Taanakkaran () is a 2022 Indian Tamil-language period drama film written and directed by Tamizh in his directorial debut and produced by Potential Studios. The film stars Vikram Prabhu in the lead role with Anjali Nair, Madhusudhan Rao, Lal, Livingston, and M. S. Bhaskar in supporting roles. The film is based on real life incidents from 1997 related to police training. The film released directly on Disney+ Hotstar on 8 April 2022. The film received positive reviews from both critics and audiences.

Plot
The plot is set in 1999. Arivu is a young cop who just got selected in the Tamil Nadu Police and is sent to the PRS (Police Recruit School) for training. He is joined by a few of his friends and soon befriends other trainees. A few among them are older policemen, who cleared their interviews in 1982, but due to political reasons, could not get placed till date. Most of the trainers see them as unfit old men and mock them. However, Arivu motivates them.

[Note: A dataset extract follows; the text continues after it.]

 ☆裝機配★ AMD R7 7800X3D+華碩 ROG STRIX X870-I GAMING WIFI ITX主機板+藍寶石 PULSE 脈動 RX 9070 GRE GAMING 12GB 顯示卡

The PRS is run by Inspector Muthupandi, a stern but corrupt officer who is feared by all. One of his aides is Eshwaramurthy, a very strict and ruthless trainer, who has a record of winning all the parades and even resulting in the deaths of a few trainees in the name of very hard training (Extra Drill called as ED). On the very first day of training, one of Arivu's friend from the '82 batch faces the wrath of Muthupandi after he complains about the lack of toilet facilities in the campus. Soon, Easwara Moorthy starts seeing Arivu as a rival and warns him that he will not allow him to pass the training. He follows many tactics to brutally punish and demotivate Arivu and his batch.

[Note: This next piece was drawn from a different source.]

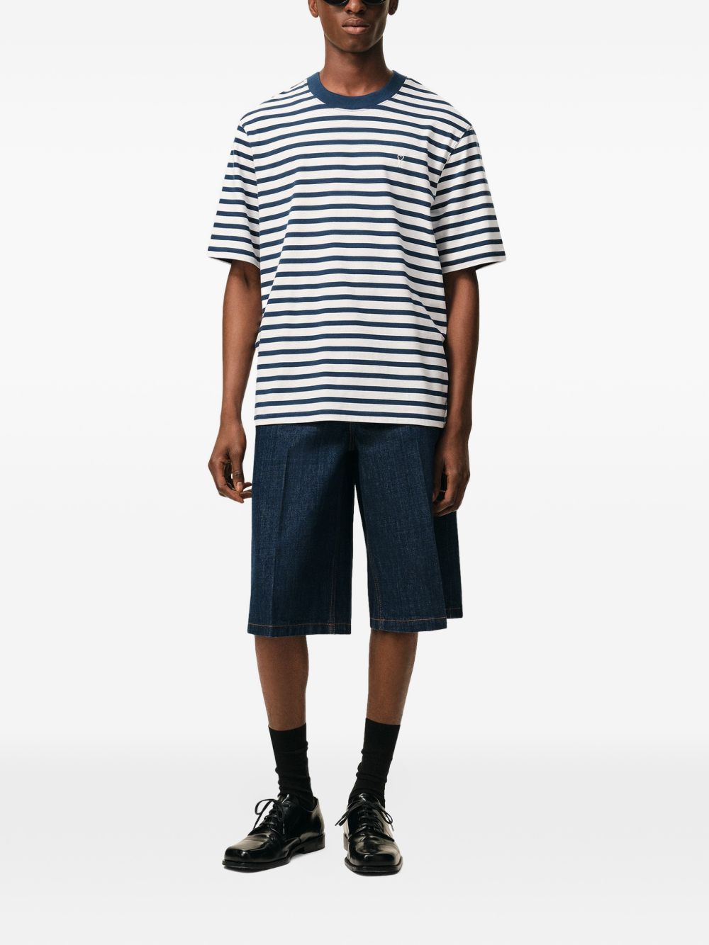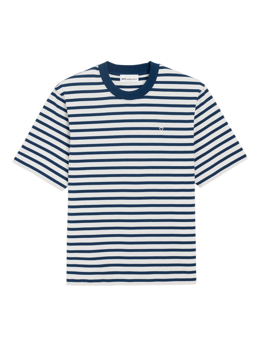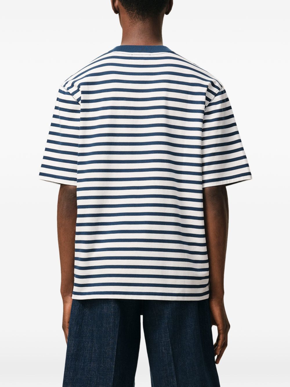 blue and white cotton striped design embroidery patch crew neck short sleeves boxy fit

How Arivu manages to win against all these odds forms the rest of the story.

Cast

 Vikram Prabhu as Arivazhagan (Arivu)
 Anjali Nair as Eeshwari
 Madhusudhan Rao as Muthupandi
 Lal as Eshwaramurthy
 Livingston as Rajendran, Arivu's father
 M. S. Bhaskar as Sellakkanu
 Bose Venkat as Inspector Mathi
 Pavel Navageethan as Kadar Basha
 Nitish Veera as Counsellor Sahul Bhai
 Uday Mahesh as Nandhakumar
 Karthick Kannan as Murugan
 Lingesh as Arivu's friend

Satellite rights
The satellite rights of the movie were secured by Star Vijay.

Soundtrack
The soundtrack and score is composed by Ghibran.

Reception
M. Suganth of The Times of India gave 3.0 out of 5 stars and wrote "Vikram Prabhu comes up with a sturdy performance, capturing Arivu's physicality very well. MS Bhaskar shines as a veteran cop who is paying the price for an insubordination years ago, and Lal makes us hate his character. Bose Venkat, as Madhi, an honest cop who wants to turn the recruits into good policemen despite being aware of the system's flaws, pitches in with an empathetic performance. These performances hold the film together and keep us engaged." Navein Darshan from Cinema express gave 3.5 stars out of 5 stars said that "A powerful film about a lesser-known problem ' A Critic from The News Minute noted that "Lal in well-written roles is a phenomenal actor. His Yama raja in Karnan showed off the depth of his skill and ability for nuance. Unfortunately, nuance is exactly what’s missing in his characterization.".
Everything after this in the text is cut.